Его Музыка глубокая, многомерная, беззащитная как пульсирующая венка на тонкой девичьей шее, больная как изгиб тела и закушенная в страсти губа, целомудренная как благодарная молитва. В её нотах вкрапления монолога, в паузе зависает время, а в партитуре всегда любовь. Звукоосмысленная красноречивая бессловесность. Он – Автор «третьего направления» – не песня, не романс, музыкальный монолог с озвучиванием гласных клавиш стиха и согласного с ними звука. И нашедшие свою тональность вылились в музыку стихи Светлова и Хэмингуэя, Шекспира и Маяковского, Рождественского, Вознесенского, Ахмадулиной. Если для всех вначале было Слово, у него вначале была Нота, и эта его Нота всегда узнаваема, как первый закат на море, которого не видел с прошлого лета, как забытая выпавшая из альбома пожелтевшая фотография, как старая не прошедшая с годами любовь. Она заполняет, тянет, держит, щемит. От романса до высокого почти астрального органа. И уже не удивляет, что в этом сентябре в год его 90-летия в Калининграде в Кафедральном Соборе на острове Канта прошёл очередной XII Международный конкурс органистов, носящий его имя.

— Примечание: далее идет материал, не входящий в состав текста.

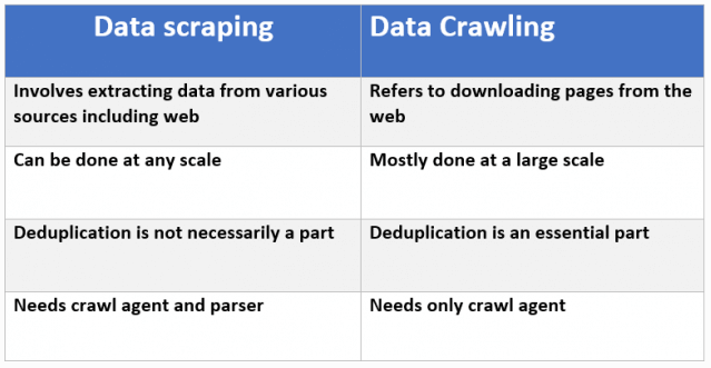 Scraping dữ liệu không nhất thiết phải liên quan đến web. Scraping có thể đề cập đến việc trích xuất thông tin từ một hệ thống cục bộ, cơ sở dữ liệu chung hoặc thậm chí từ internet. Web Scaping cũng thực hiện việc tìm kiếm và thu thập thông tin nhưng khác với Web Crawling, Web Scraping không thu thập toàn bộ thông tin của một trang web mà chỉ thu thập những thông tin cần thiết, phù hợp với mục đích của người dùng. Trong WebScraping chúng ta cũng phần nào sử dụng WebCrawler để thu thập dữ liệu, kết hợp với Data Extraction (trích xuất dữ liệu) để tập trung vào các nội dung cần thiết.
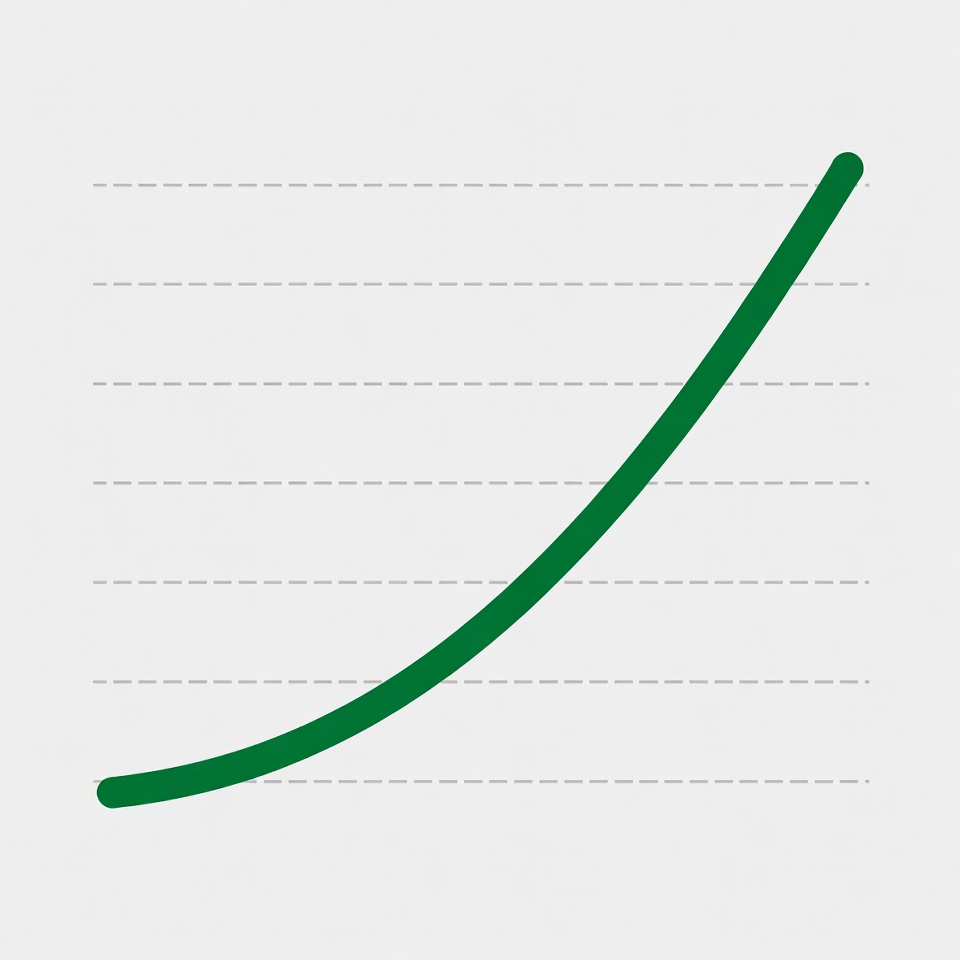 A simple line graph features a solid green line rising sharply from left to right against a light gray background with faint gray grid lines. The line starts low near the bottom-left and ends high near the top-right. No axes labels or additional data points are visible.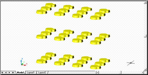 In multiplicarea rectangulara spatiala (fig.14.48), randurile sunt paralele cu axa X curenta, coloanele cu axa Y, iar nivelele cu axa Z. Comanda solicita selectarea setului de obiecte supus multiplicarii, numarul de randuri, de coloane si de nivele si distanta dintre fiecare din ele.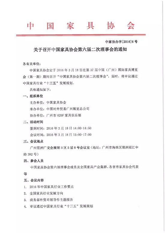 核心提示:中國家具協(xié)會(huì)定于2016年3月18日即第37屆中國(廣州)國際家具博覽會(huì)(第一期)期間在廣交會(huì)展館8號(hào)會(huì)議室隆重召開“中國家具協(xié)會(huì)第六屆二次理事會(huì)”。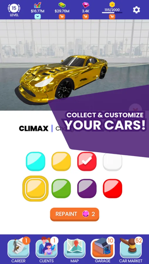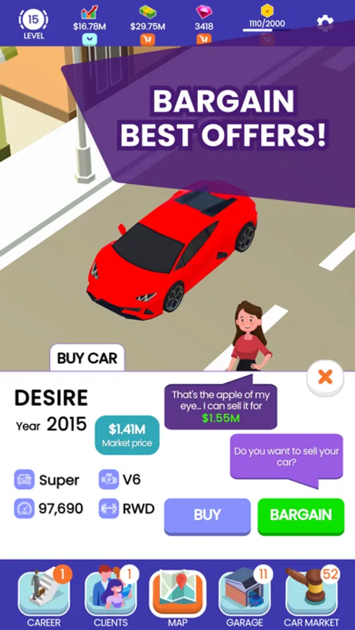 Throughout the game, you will have an opportunity to expand your business and build a car empire! Face many business challenges and learn entrepreneurship. Purchase rare cars, attract customers, negotiate with them, unlock facilities, and even organize classic car shows!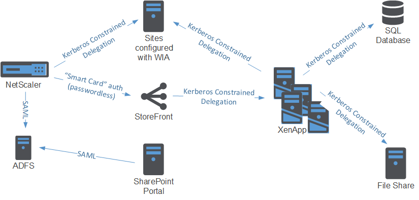 In this post we’ll be chaining products like ADFS, SharePoint, Citrix XenApp and NetScaler with technologies like SAML and Kerberos. We’ll also be using the new Unified Gateway functionality to do everything with a single external IP. I’m also assuming some basic knowledge of ADFS, IIS and NetScaler Gateway. Indeed, this is not for the faint hearted.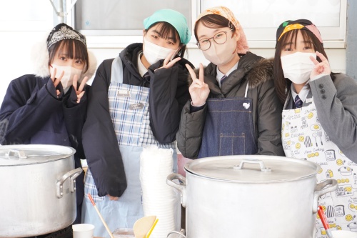 厳しい寒さの中での活動でしたが、自分たちが作った一杯を「おいしいね」と喜んで食べてくださる姿を目の当たりにし、生徒たちは大きな達成感を得たようです。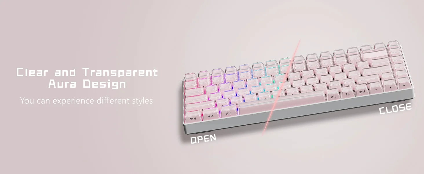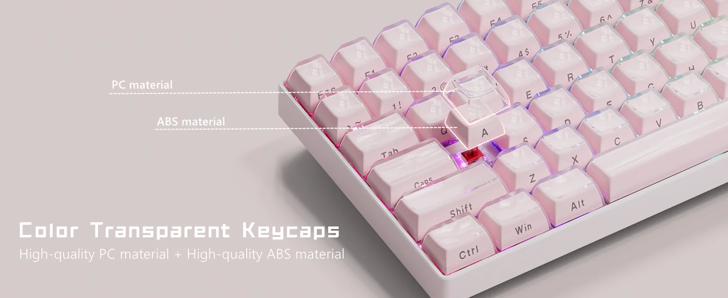 《 컬러 투명 키 캡 》 이 키 캡은 고품질 PC 소재와 고품질 ABS 소재로 만들어졌습니다. 이중 레이어로 쌓여 있으며 RGB 조명이 희미하게 표시되어 키보드의 분위기를 높이고 키보드를 독특하게 만듭니다. Letter 측면 조각 스타일은 기계식 키보드의 단순성을 더 잘 보여줍니다.

Серебряннейший композтор, брат мой…
И плачем мы, и светит воск с огарка
На профиль гениального сайгака.
(А. Вознесенский)
Когда входишь на армянское Ваганьковское кладбище, сразу за молельным домом на повороте меня всегда сбивают эти глаза, и всегда из букета для родственников торопливо вытаскиваю и кладу на землю перед его фотографией цветы. В огромных беззащитных диоптриях полуприкрытые от земной суеты тяжелыми веками умные, все понимающие, а теперь уже все узнавшие вечные армянские глаза и имя, как перебор струн старинного романса. Микаэл Леонович Таривердиев…
И снова, почти по Бродскому, скрепит под невидимым пером из белого камня его тетрадь, чернят бумагу невидимые нотные знаки, и летят, летят в вечность минуты, как капли моросящего уже сентябрьского дождя. Светлая память маэстро… Прощай, август!